| Action item |
The answer is the data repeated in full, with no pictures included.

Material for this exercise below:

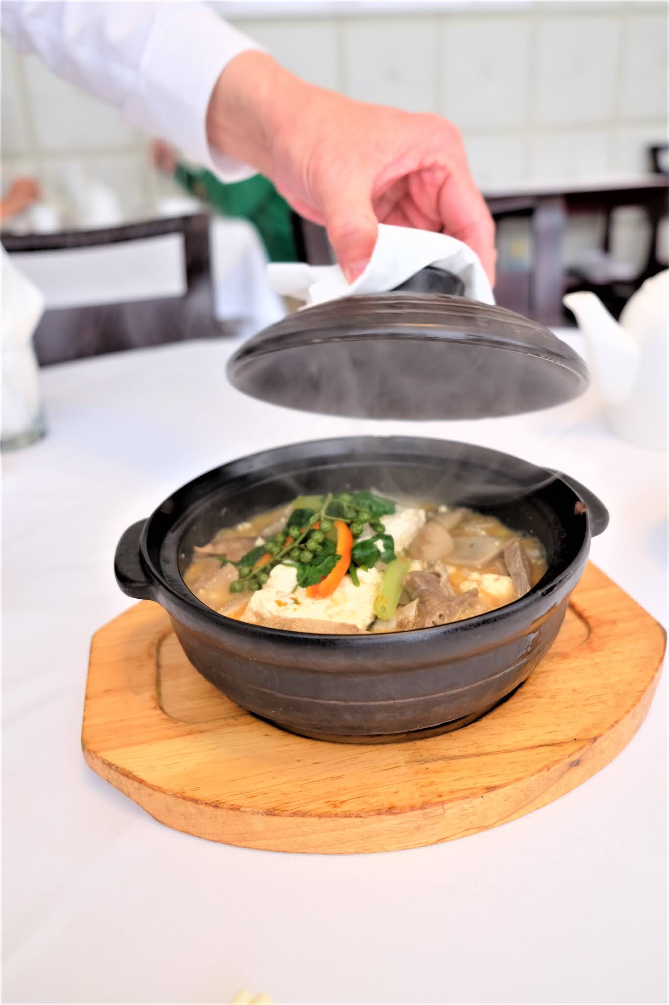 羊雜份量啱啱好,炆得夠稔及入味;豆腐應該是自家出品,內裡釀有肉碎及荸薺粒,增添了口感,豆腐質地比較粗糙,反而可以沾滿了羊雜的羶香,但不會過份,辣辣地加上京蔥的香氣,構成一個獨一無二的美味圖畫,雖然第一次食,但印象難忘。
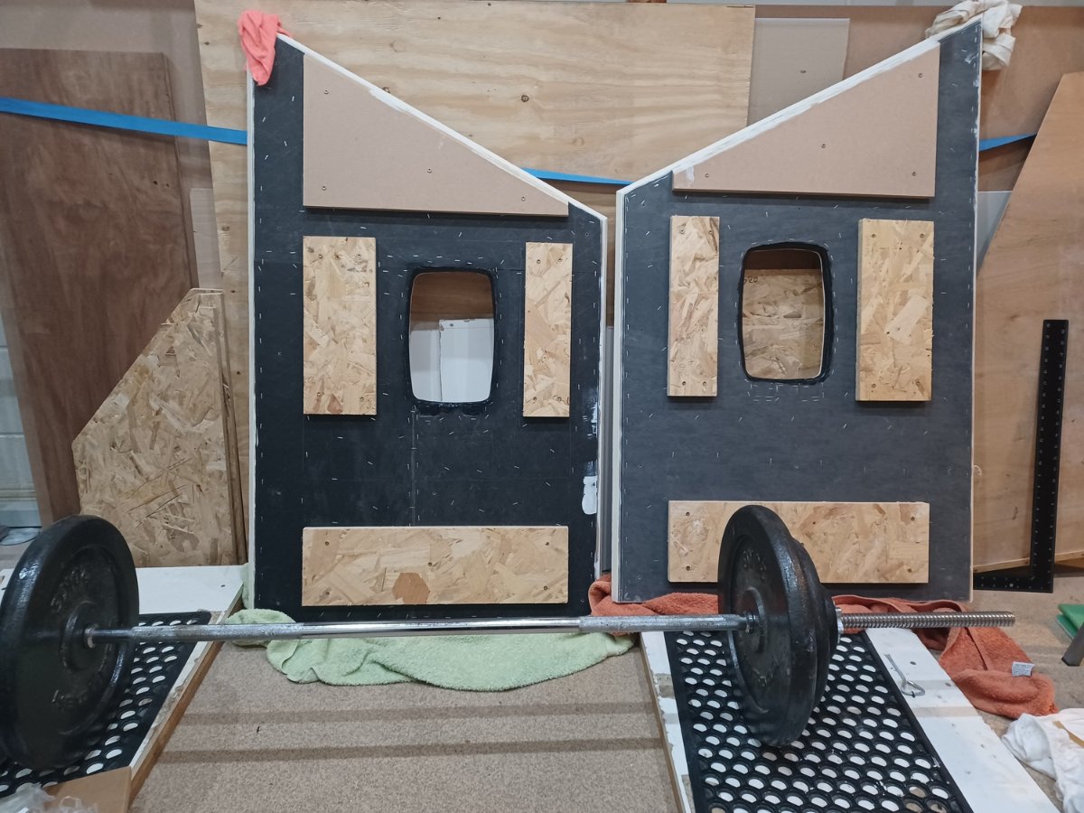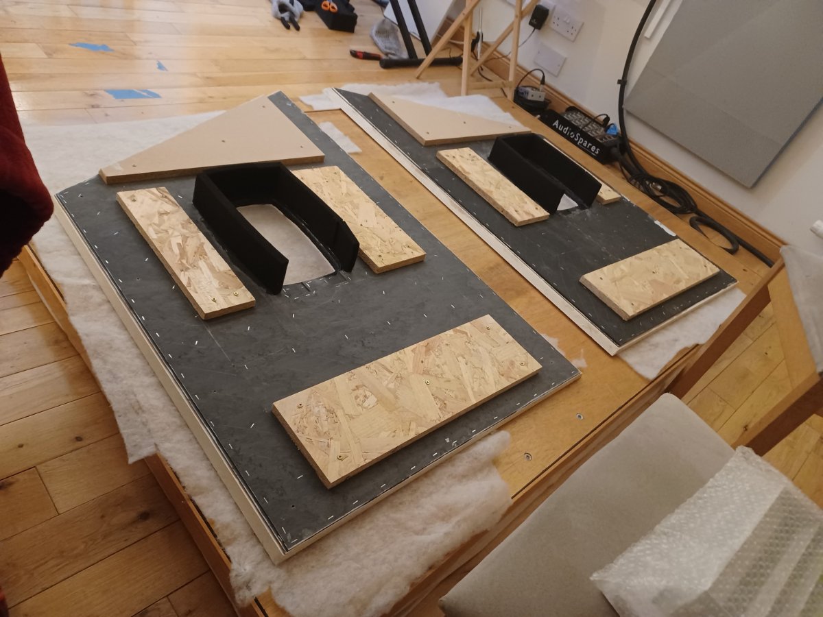 Added an extra layer of 18mm thick wood to brace the back of the baffle faces and add extra mass to reduce sound transmission. These fit around the soffit frame.
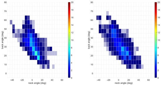 Heatmap for relative amount of time spent in each five-degree bin corresponding to different back and neck angle combinations. The plot on the left is averaged across trials without feedback, and the plot on the right is averaged across trials with feedback. The units for the color bars are the percentage of the total trial time.
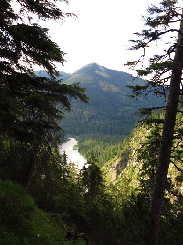 Kurz nach halb sechs legt ich am Parkplatz los und wurde gleich freudig von einem kleinen Schwarm Bremsen begrüßt. Deren Freude konnte ich leider nicht teilen und verlegte mich darauf, allzu eifrige Kontaktaufnehmer zu erschlagen. Im Laufe des Aufstiegs wurden die Plagegeister dann zum Glück immer weniger.
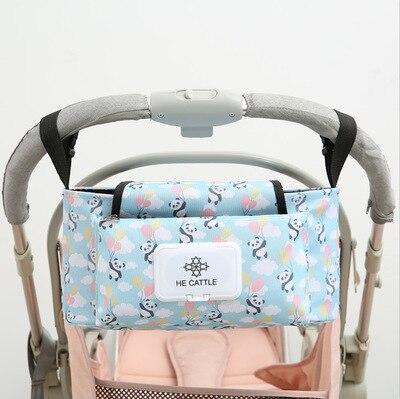 Our Stroller Pouch is a convenient carrying case for all of your baby's essentials. The pouch hangs from your stroller and has plenty of storage space for wipes, diapers, bottles, sippy cups, and more!
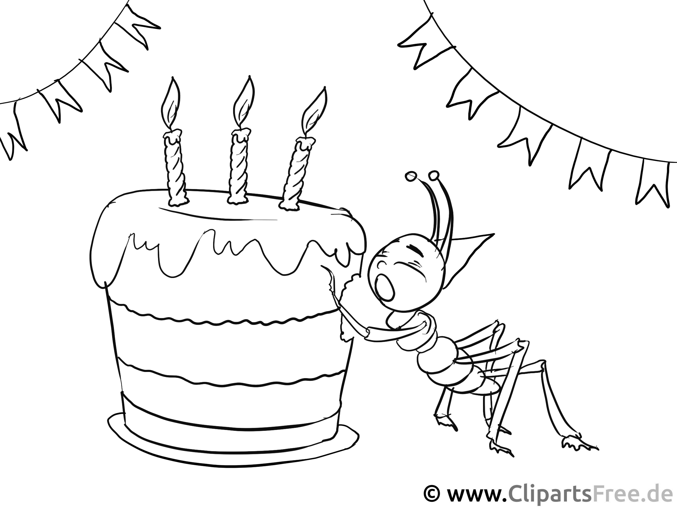 Stell dir vor, eine fröhliche kleine Ameise feiert ihren Geburtstag! Mit einem strahlenden Gesicht, das pure Freude versprüht, umarmt sie einen riesigen, köstlichen Kuchen. Drei leuchtende Kerzen stehen auf dem süßen Highlight des Tages und sorgen dafür, dass die Stimmung perfekt ist. Banner und Luftballons im Hintergrund verleihen dem Bild eine fröhliche Ausstrahlung, die wirklich zum Mitfeiern einlädt. Das Bild zeigt diese charmante Szene in einer Art, die ganz viel Raum für Kreativität bietet. Es ist einfach zum Ausmalen!
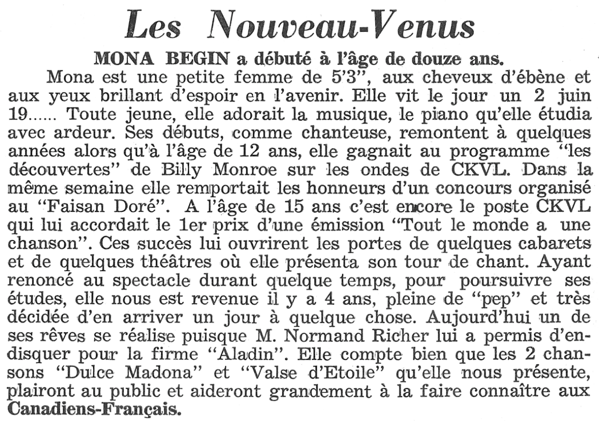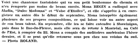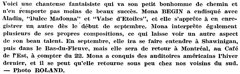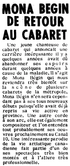 Mona Bégin a été emportée par le cancer le 29 mars 1974.
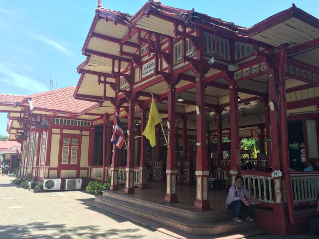 火车站的建筑风格独特而鲜明,整栋建筑完全采用柚木,红漆的梁柱和屋顶,搭配上金色的墙面,色彩艳丽,散发出浓浓的泰国风情。它是华欣较醒目的标志性建筑,同时也成为了很多小清新的年轻人前来取景拍照的地方。

End of Material for this exercise.

| Response to the task |
 羊雜份量啱啱好,炆得夠稔及入味;豆腐應該是自家出品,內裡釀有肉碎及荸薺粒,增添了口感,豆腐質地比較粗糙,反而可以沾滿了羊雜的羶香,但不會過份,辣辣地加上京蔥的香氣,構成一個獨一無二的美味圖畫,雖然第一次食,但印象難忘。
 Added an extra layer of 18mm thick wood to brace the back of the baffle faces and add extra mass to reduce sound transmission. These fit around the soffit frame.
 Heatmap for relative amount of time spent in each five-degree bin corresponding to different back and neck angle combinations. The plot on the left is averaged across trials without feedback, and the plot on the right is averaged across trials with feedback. The units for the color bars are the percentage of the total trial time.
 Kurz nach halb sechs legt ich am Parkplatz los und wurde gleich freudig von einem kleinen Schwarm Bremsen begrüßt. Deren Freude konnte ich leider nicht teilen und verlegte mich darauf, allzu eifrige Kontaktaufnehmer zu erschlagen. Im Laufe des Aufstiegs wurden die Plagegeister dann zum Glück immer weniger.
 Our Stroller Pouch is a convenient carrying case for all of your baby's essentials. The pouch hangs from your stroller and has plenty of storage space for wipes, diapers, bottles, sippy cups, and more!
 Stell dir vor, eine fröhliche kleine Ameise feiert ihren Geburtstag! Mit einem strahlenden Gesicht, das pure Freude versprüht, umarmt sie einen riesigen, köstlichen Kuchen. Drei leuchtende Kerzen stehen auf dem süßen Highlight des Tages und sorgen dafür, dass die Stimmung perfekt ist. Banner und Luftballons im Hintergrund verleihen dem Bild eine fröhliche Ausstrahlung, die wirklich zum Mitfeiern einlädt. Das Bild zeigt diese charmante Szene in einer Art, die ganz viel Raum für Kreativität bietet. Es ist einfach zum Ausmalen!
 Mona Bégin a été emportée par le cancer le 29 mars 1974.
 火车站的建筑风格独特而鲜明,整栋建筑完全采用柚木,红漆的梁柱和屋顶,搭配上金色的墙面,色彩艳丽,散发出浓浓的泰国风情。它是华欣较醒目的标志性建筑,同时也成为了很多小清新的年轻人前来取景拍照的地方。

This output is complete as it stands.